A room is devoted to the ‘truth study center’, an oddly lower-case research project-cum-installation that Tillmans began in 2005. Here, under glass-covered wooden tables that resemble horizontal noticeboards, he presents news – or, perhaps more accurately, noise – about topics such as religious fundamentalism, climate change, HIV in South Africa, the existence of weapons of mass destruction and the idea of truth itself. Propaganda texts sit alongside academic research and scientific analysis. Status of facts, authority, expertise: these are all hot-button issues. Are they best animated by print-outs from the BBC website or the cover design for the book The Spirit Level: Why Equality Is Better for Everyone (2009)? A more deliriant treatment, an Adam Curtis-like exploration of the dream-logic of modern media, might have been more effective.

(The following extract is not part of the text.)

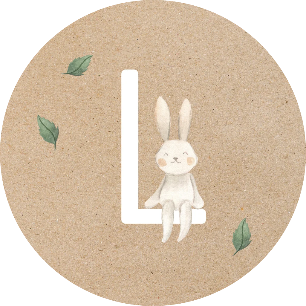 Leuke sluitzegel voor op de enveloppen van je geboortekaartjes. Op deze ronde sticker staat het initiaal van je kindje met daaromheen groene waterverf blaadjes. Bovenop zit een klein konijntje. Je kunt zelf eventueel andere dieren toevoegen met behulp van onze editor.

As the show moves towards the present, there’s a subtle decline in throb. There are more air miles and hotel rooms, more and more abstract prints, photos of Black Lives Matter and anti-Boko Haram demonstrations, a listening room for Tillmans’ Moon in Earthlight LP released in 2022. Mostly they lack the humidity and humour, the analogue textures of his earlier work. Two exceptions: Sendeschluss, End of Broadcast I (2014) – a large photograph comprising the video static he found on a Saint Petersburg hotel television set; and 17 Years’ Supply (2017), a print showing a cardboard box stuffed with the bottles of medical supplies that have kept Tillmans alive.

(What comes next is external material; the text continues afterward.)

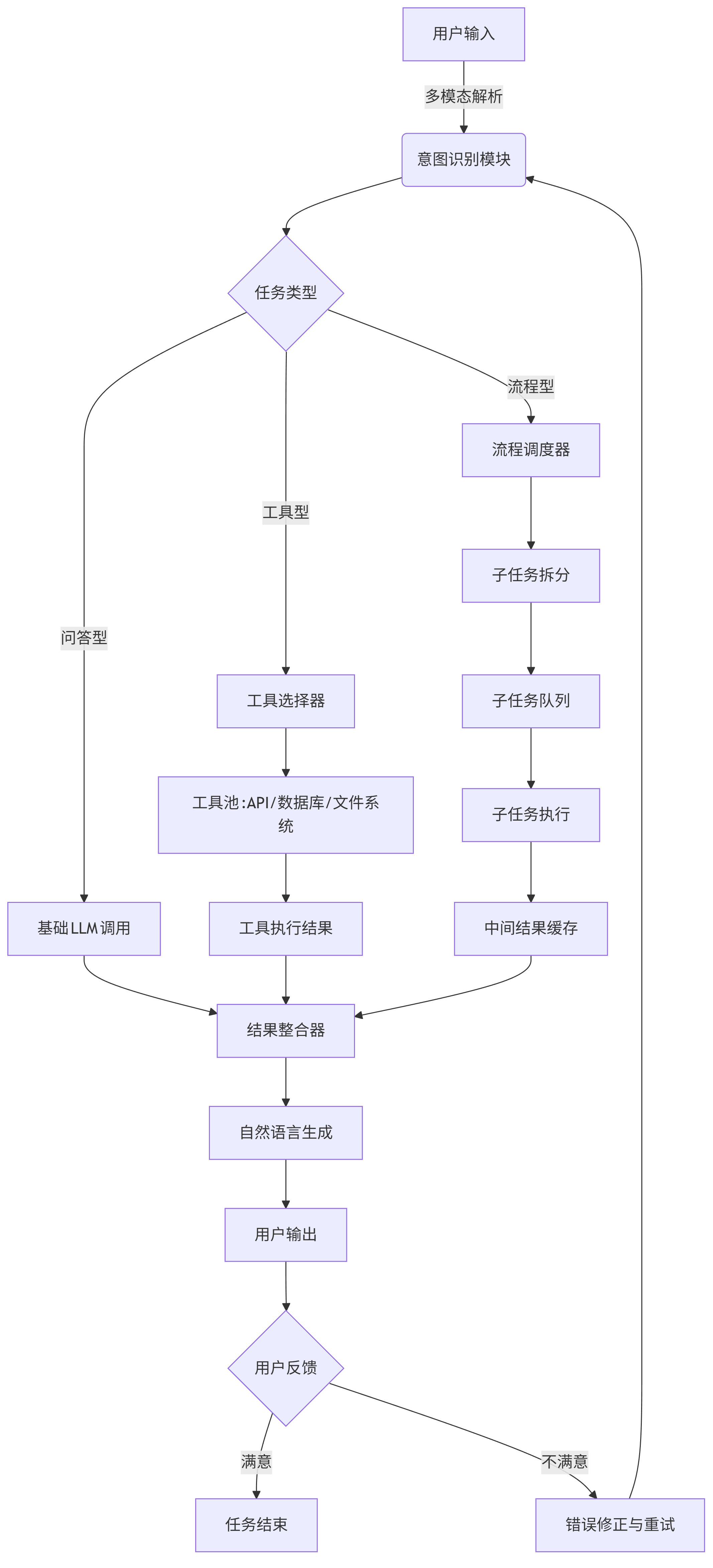graph TD A[用户输入] -->|多模态解析| B(意图识别模块) B --> C{任务类型} C -->|问答型| D[基础LLM调用] C -->|工具型| E[工具选择器] C -->|流程型| F[流程调度器] E --> G[工具池:API/数据库/文件系统] G --> H[工具执行结果] F --> I[子任务拆分] I --> J[子任务队列] J --> K[子任务执行] K --> L[中间结果缓存] D & H & L --> M[结果整合器] M --> N[自然语言生成] N --> O[用户输出] O --> P{用户反馈} P -->|满意| Q[任务结束] P -->|不满意| R[错误修正与重试] R --> B

These days, there are new viruses killing millions around the world. So many downtowns have been gentrified and clubbing spaces priced out of existence. Cultural nationalists across Europe embrace and weaponise homophobia. The United Kingdom, to Tillmans’ chagrin, is no longer part of the European Union. The forward motion and liquid modernity he once celebrated are now in short supply. To look without fear? Would that we were able to do so.
Wolfgang Tillmans: To look without fear is at the Museum of Modern Art, New York, until 1 January 2023.